I actually cut out all but two errands due to how I was feeling. I’m still feeling anxiety and now I feel like I can’t handle this. I’m not sure I’m going to get through the whole 24 hours.  I plan on doing it as long as possible to give them as much data as possible even though I’m complaining here.  Yet I’m in tears, my throat is feeling very sore and irritated all ready so we’ll see. I can only do so much and endure so much. I know, I’m being a big baby.

Update: 3:02 am 1/5/17

Still feel like I’m choking. The sensation of something stuck in my throat had not gone away at all. I’ve lasted 15 hours so far but don’t think I’ll make the full 24. At least there will be a lot of data. I did last longer than twelve hours. I also feel like I’m getting sick but I think it’s just the stress from the tube and all the sensations that  I feel.  People who can last the whole 24 hours are a lot stronger than me. Way stronger. I’m admitting it: I’m very weak and want nothing to do with anything that causes me unnecessary stress or pain unless absolutely necessary. 

It’s almost not worth it taking care of myself in trying to find the cause of the GERD.  

Withdrawal. Anxiety.

I’m dealing with both right now.  It’s 2:14 in the morning and I don’t want to sleep even though I have a medical appointment at 10:30 that I have to leave for before 9:30.  I’m also freaking out about an interview for a job I have Friday.  I’m not thrilled with the possible commute to the job but I’m getting desperate to find a job. Not that I care much for the job either but I really need to find a job soon. I feel like I’m on the knife edge and something really terrible is going to happen to me very soon. That I’m going to end up homeless or my parents are going to stop helping me or my rent is going to go up to where I can’t pay it or I lose my food stamps.  Just something really bad. And I’m doing something, driving somewhere for the next seven days and I feel overwhelmed.

I have been off my antidepressant for five days and the withdrawal has set in. I just want to sleep and hide.  But then I don’t want to sleep at all.  And I’m crying all the time. I definitely don’t want to go anywhere or deal with anyone but then I really want to talk to someone about all this. But my friends all work so I can’t talk to them until the weekend.

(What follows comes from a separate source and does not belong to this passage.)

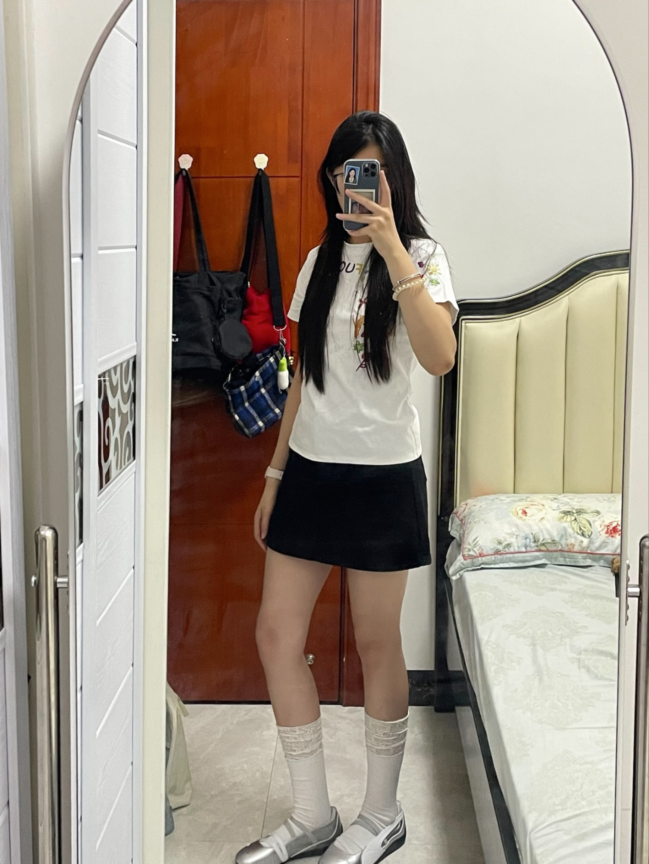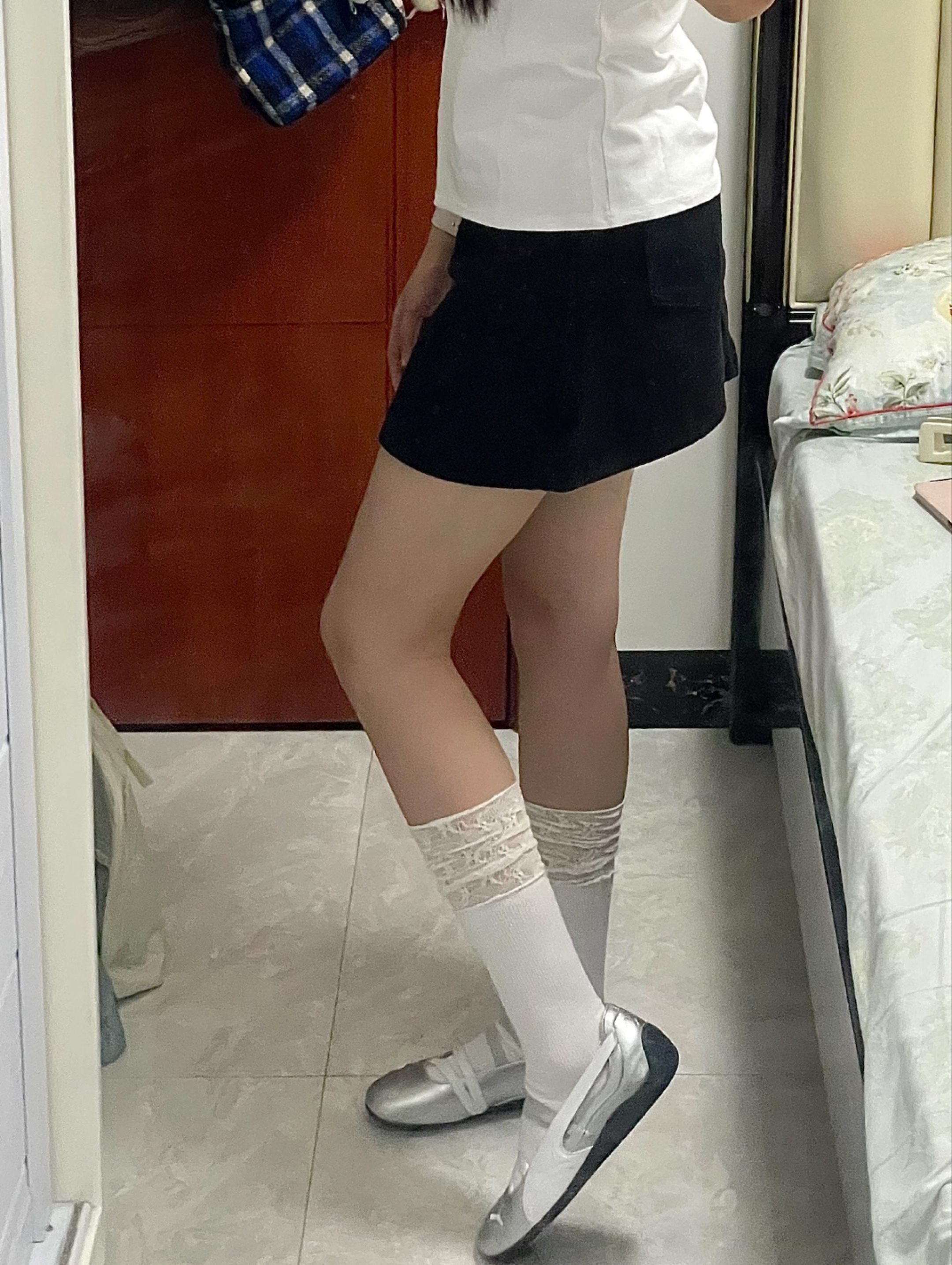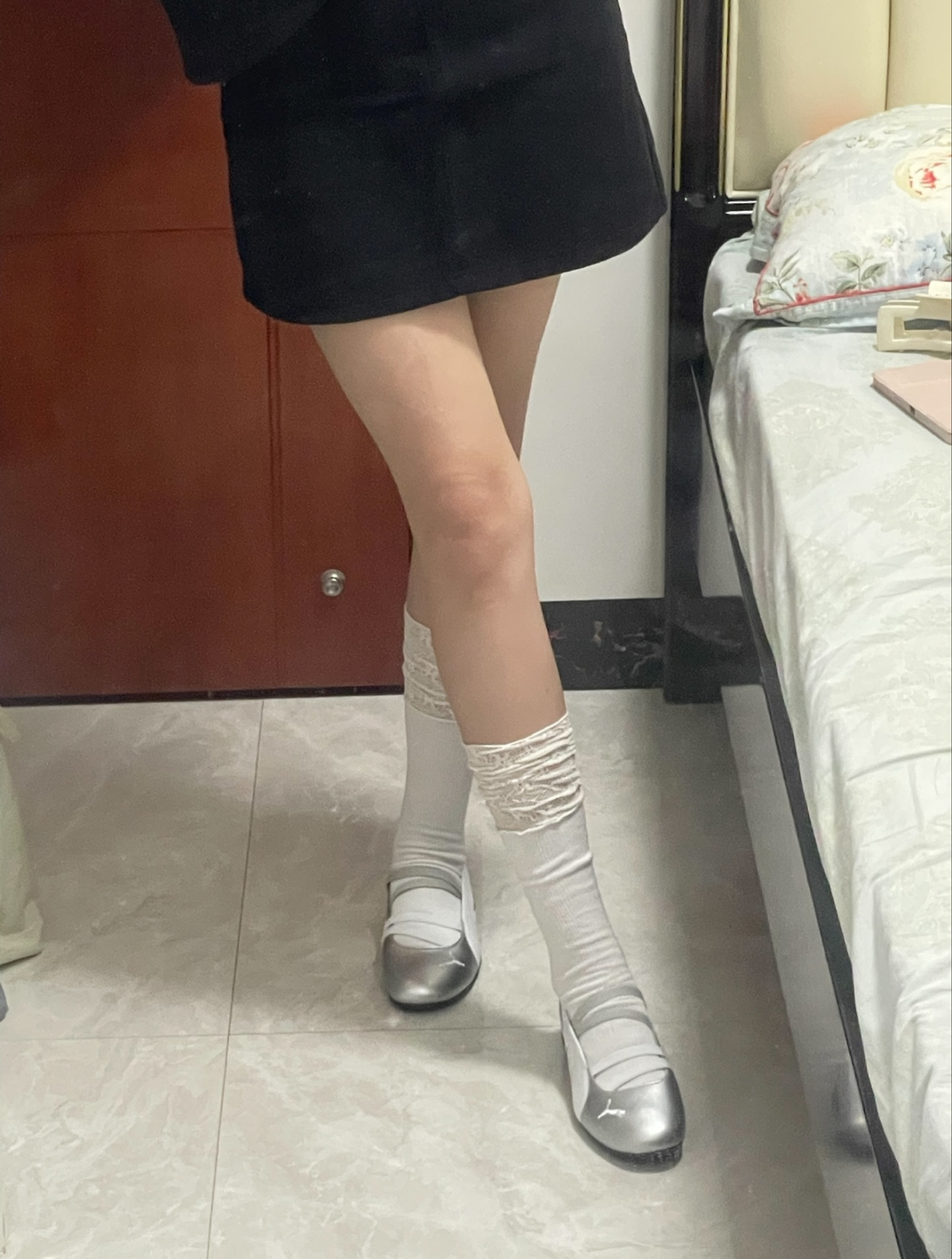 一直没买到白粉配色 去了实体店也是要调货等 但是真的觉得芭蕾舞鞋很适合配短裤短裙 所以忍不住就下单了.. 但是其实感觉银色搭配起来也很有特色 就是会比较挑袜子, 我一开始穿的普通白袜真的很吃丑感觉乡下人一样 后面换了家里仅此一双的蕾丝边袜子 看起来正常多了 配长裤的话可能比较没那么百搭 但是穿起来走路还是挺舒服的 如果是穿久了的话鞋子前面可能会有褶皱,因为他好像是皮质的前面,白粉色朴彩英那款的材...
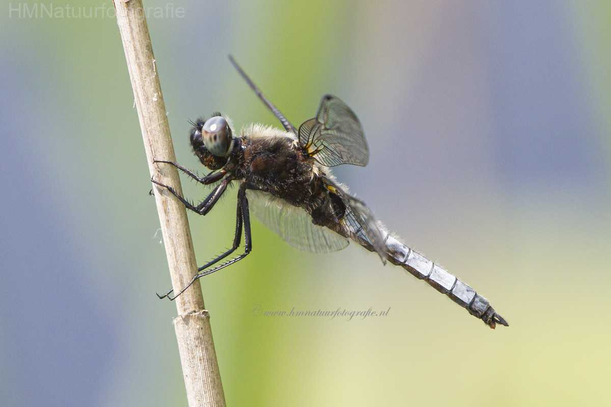Een vrij zeldzame soort met meestal aan de vleugelpunten donkere vlekken. Mannetjes hebben een blauw achterlichaam met een donker eind aan S8-S10. Vrouwtjes zijn bruin met een donkere middenstreep vanaf S5. Oudere vrouwtjes worden donkerbruin. Ze zijn vooral aan te treffen bij water met veel riet aan de oevers.

I still don’t have someone to drive my to my major medical appointment next week. And then I might be picked for jury duty since I got a letter a couple a weeks ago and have to go in on the 12th. And if I get the job, (which it sounds like I already have) training starts the 16th.  My birthday is the 18th and am pretty sure I’m celebrating it alone as always. I feel like I’m being slammed all at once and how I handle it determines how the rest of my life is going to be like. That I’m being judged on how much I can take before I break and still more stuff is going to be dumped on me even after I break.  That this is a game to someone and I’m the loser participant.

And we’re supposed to be getting more snow this weekend, possibly even today, and I don’t want snow. All it’s been has been is nearly freezing or snow for the last month. Very little rain. I want the rain back. I can handle rain with no problems.

Yeah, my head’s not a good place right now.